IV - Da conjugação do n.º 5 do artigo 139.º do CIRC com o n.º 4 do artigo 86.º, n.º 4 da LGT não resulta uma previsão expressa de recorribilidade do acto que põe termo ao procedimento de prova do preço efectivo, nem o mesmo tem carácter imediatamente lesivo.
V - Não sendo um acto destacável, nem imediatamente lesivo, a irrecorribilidade do acto que põe termo ao procedimento de prova do preço efectivo e a determinação legal de impugnação dos respectivos vícios no âmbito da impugnação do acto de liquidação do IRC ou daquele que determine a correcção de prejuízo fiscais, não violam a garantia da tutela jurisdicional efectiva.
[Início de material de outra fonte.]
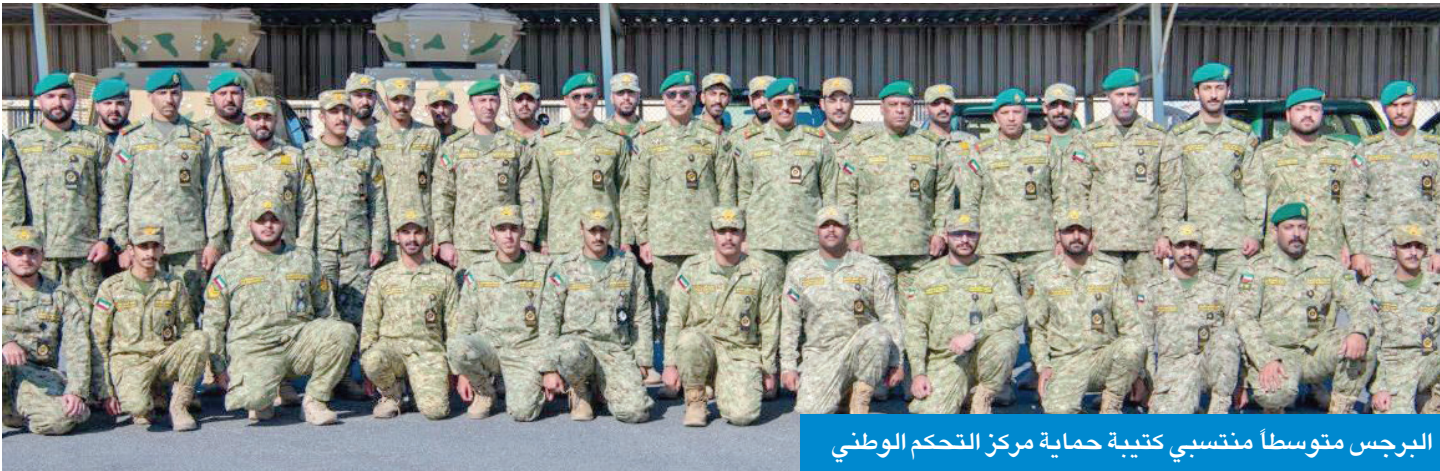
البرجس متوسطاً منتسبي كتيبة حماية مركز التحكم الوطني

واعترازها بالدور الذي يؤديه في تأمين المواقع الحيوية، مشدداً على البقطة الأمنية، وتوخي الحيطة والحذر، والالتزام بالتعليمات والواجبات الأمنية المكلفين بها، للحفاظ على أمن واستقرار البلاد.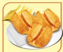
Хапки с кашкавал

Nº Convencional:JSTA00071125
Nº do Documento:SA22021042801263/12
Data de Entrada:04/05/2017
Recorrente:A.......... SGPSA, SA
Recorrido 1:AT – AUTORIDADE TRIBUTÁRIA E ADUANEIRA
Votação:UNANIMIDADE
Meio Processual:RECURSO DE REVISTA
Objecto:ACÓRDÃO DO TCA NORTE
Decisão:NEGA PROVIMENTO
Área Temática 1:PROCEDIMENTO TRIBUTÁRIO
Área Temática 2:IMPUGNAÇÃO DO ACTO
Legislação Nacional:ARTIGOS N.ºS. 54º DO CPPT, 89º, N.º 4 DA LGT E 139º DO CIRC
Aditamento:
Texto Integral: Acordam na secção do Contencioso Tributário do Supremo Tribunal Administrativo

I - Relatório

1. O Banco A……………., S.A., com os demais sinais nos autos, interpôs recurso de revista para este Supremo Tribunal Administrativo do acórdão do Tribunal Administrativo Norte que, em 10 de Dezembro de 2015, negou provimento ao recurso jurisdicional e manteve a decisão proferida pelo Tribunal Administrativo e Fiscal do Porto, em 17 de Julho de 2014, que julgou improcedente a acção administrativa especial, por si deduzida, a qual visava a anulação do acto de indeferimento do Chefe de Serviço de Apoio às Comissões de Revisão da Direção de Finanças do Porto, de 9 de Fevereiro de 2012, exarado no requerimento de prova do preço efectivo na transmissão de imóveis, nos termos do artigo 139.º do Código do Imposto Sobre o Rendimento de Pessoas Colectivas (CIRC), com referência à alienação do prédio urbano sito na freguesia de São Jorge de Arroios, formulando, para tanto, alegações que concluiu do seguinte modo:
1º Entende o Recorrente que estão verificados os requisitos de que depende a admissão do presente recurso de revista;
2º Em face do decidido em segundo grau de jurisdição, considera o Recorrente verificar-se a violação de lei na interpretação conferida ao artigo 139.° do Código do IRC e ao artigo 54.º do CPPT, colocando-se, designadamente, as seguintes questões:
a. Saber se o procedimento de prova do preço efetivo instaurado nos termos do disposto no artigo 139.º do Código do IRC é um procedimento legalmente equiparado ao procedimento de revisão de matéria coletável fixada através de métodos indiretos previstos nos artigos 91.º e 92.º da LGT;
b. Saber se a decisão de indeferimento do pedido de prova do preço efetivo apresentada nos termos do artigo 139.º do Código do IRC é um ato não impugnável, conforme propugna o Tribunal a quo, ou se integra o conceito de atos impugnáveis constante do artigo 54.º do CPPT.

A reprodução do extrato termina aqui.